Spesso quando si parla di cinema e serie televisive si ricorda una delle principali regole del racconto audiovisivo: show don't tell. Questo suggerimento è sicuramente uno dei più saggi, soprattutto per una forma espressiva che, per dirla con Pasolini, ha il compito di mettere in immagini una «struttura che vuole essere un'altra struttura». Sono quindi le immagini ad avere il compito di raccontare, anche quando sembrano non raccontare nulla.
L'apparente racconto del nulla, dal punto di vista mostrativo, è esattamente il punto centrale di The Guilty, lungometraggio d'esordio di Gustav Möller. L'escamotage narrativo del film consiste nel raccontare Asger, un poliziotto di Copenaghen che, per via di un'indagine interna che lo vede coinvolto come accusato, è costretto a svolgere il ruolo di centralinista nella stazione di polizia. Durante il turno di lavoro però riceve una chiamata da parte di una donna, che attraverso una serie di giri di parole gli fa capire di essere stata rapita, di essere sotto il controllo del suo sequestratore e di aver bisogno d'aiuto. Il film procede fino alla fine nella stessa ambientazione, con la macchina da presa che inquadra sempre e solo il protagonista (spesso esclusivamente il suo volto), non mostrando nulla di ciò che succede ma lavorando su una totale focalizzazione interna tale da sovrapporre il punto di vista di Asger con quello dello spettatore, tenendo così quest'ultimo incollato allo schermo dall'inizio alla fine.

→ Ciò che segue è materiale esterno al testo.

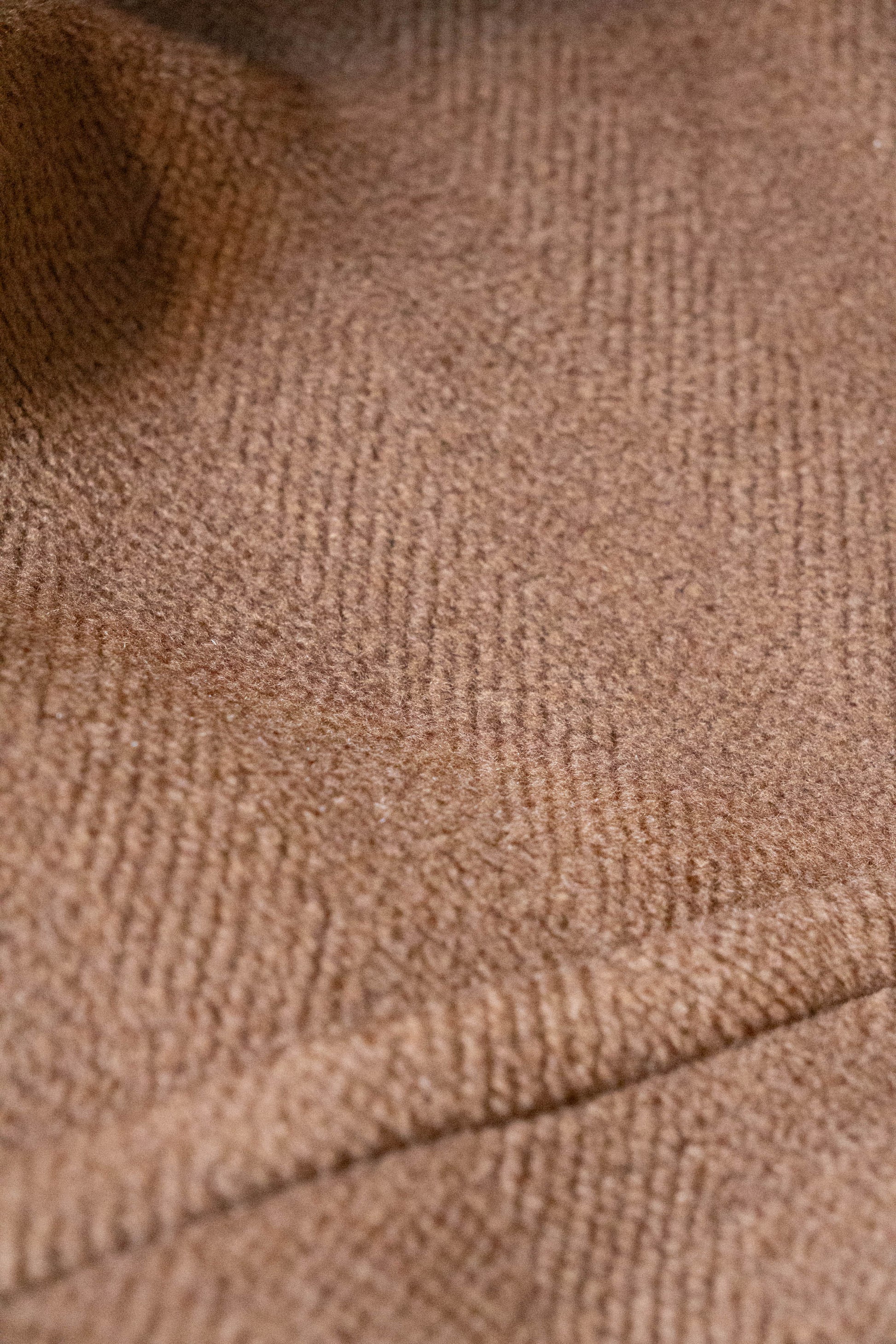 特筆すべきは素材。現在は存在しない<Moorbrook(ムーアブルック)社>が、世界に4台しかなかった旧式織機で織り上げたヘリンボーンウールを使用しています。不況と効率の悪さから同社は廃業しましたが、その希少な織機は現在、英国の名門 Joshua Ellis に引き継がれています。かつてはエルメスがその素材に惚れ込み採用していたという逸話も頷けるほどの極上生地、太畝のヘリンボーンは圧倒的な存在感が魅力です。
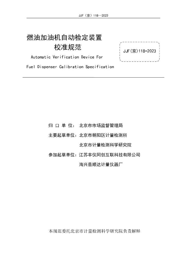 北京市朝阳区计量检测所、北京市计量检测科学研究院、江苏丰仪同创互联科技有限公司、海兴县顺达计量仪器厂

Il primo e più immediato paragone che viene in mente è quello con Locke, film del 2013 scritto e diretto da Steven Knight (autore di Peaky Blinders) e interpretato da Tom Hardy, il cui personaggio principale anche in quel caso era il centro di un film in cui l'azione si svolgeva da un'altra parte. Quelle di The Guilty sono immagini che raccontano, dicevamo, perché consapevoli che una delle più importanti virtù del cinema consiste nella capacità di raccontare il non mostrato, spingendo lo spettatore a immaginare ciò che non viene rappresentato all'interno dell'inquadratura. Möller fa quindi un discorso radicale sull'importanza del fuori campo al cinema e il suo film si presenta come una vera e propria lezione per tutte quelle opere nelle quali si percepisce la vana illusione di creare tensione e paura attraverso la messa in scena esplicita di momenti di grande impatto e brutalità, che in molti casi sarebbero più efficaci se sottratti allo sguardo dello spettatore.
The Guilty è un lavoro scritto in maniera certosina, capace di costruire un'altissima tensione sin dall'inizio e mantenerla fino alla fine, gestendo con perfezione alcuni disturbanti twist narrativi che, sia lo spettatore che il protagonista, possono solo ascoltare, amplificandone l'orrore nelle rispettive immaginazioni. Sotto questo punto di vista il film di Möller (attualmente in lizza per entrare nella cinquina finale agli Oscar come miglior film straniero) rappresenta una sorta di punto di incontro tra un film e un podcast: come il primo ha il linguaggio, la presenza di immagini che mostrano i corpi degli interpreti e un formato evidentemente cinematografico; come il secondo ha la capacità di tenere alta la tensione dello spettatore (che in questo caso è anche, e forse soprattutto, ascoltatore) aumentando a dismisura il suo coinvolgimento stimolando ripetutamente la sua fantasia.